Di fronte alle porte del suo vecchio orfanotrofio si commuove, piange e non ha il coraggio di entrare. Attraverso il sostegno garantito dal progetto “Sostieni a distanza i bambini di un orfanotrofio”, Ai.Bi. regala speranza e un futuro a tanti ragazzi vittime di abbandono
La solitudine è un sentimento universale, ma in Bolivia trova una dimensione particolarmente acuta tra i bambini e gli adolescenti che vivono in orfanotrofi o in famiglie che, pur essendo presenti fisicamente, lasciano i figli crescere senza un sostegno emotivo e affettivo adeguato.
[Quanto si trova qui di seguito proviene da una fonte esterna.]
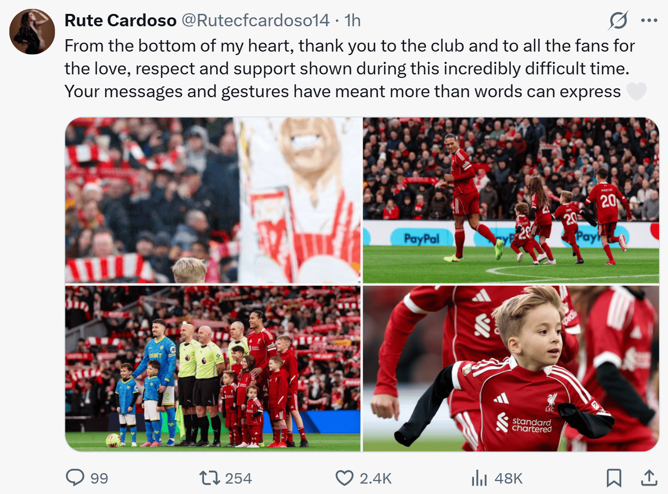 赛后,若塔的妻子Cardoso更新了社交媒体,发文向大家致谢。她的社媒配文这样写道:“谨以此心,感谢利物浦俱乐部以及所有球迷——在这段异常艰难的日子里,你们给予我的关爱、尊重与支持,我牢记于心。你们发来的每一条讯息、付出的每一份心意,都难以用言语形容其分量。”

Lo racconta con estrema semplicità la maestra dell’Istituto Pater Noster: “I bambini sicuramente diranno che anche loro vogliono essere adottati”. Questa frase racchiude un desiderio profondo di appartenenza e di calore, che spesso va oltre la mancanza materiale per toccare un bisogno umano essenziale: sentirsi amati e protetti.
Gli incontri nelle scuole boliviane
A ottobre si è tenuto il primo di una serie di incontri nelle scuole boliviane durante il quale si è parlato di diversità familiare e adozione. La risposta dei ragazzi e degli insegnanti è stata toccante e ha confermato quanto sia importante continuare questo dialogo nelle classi.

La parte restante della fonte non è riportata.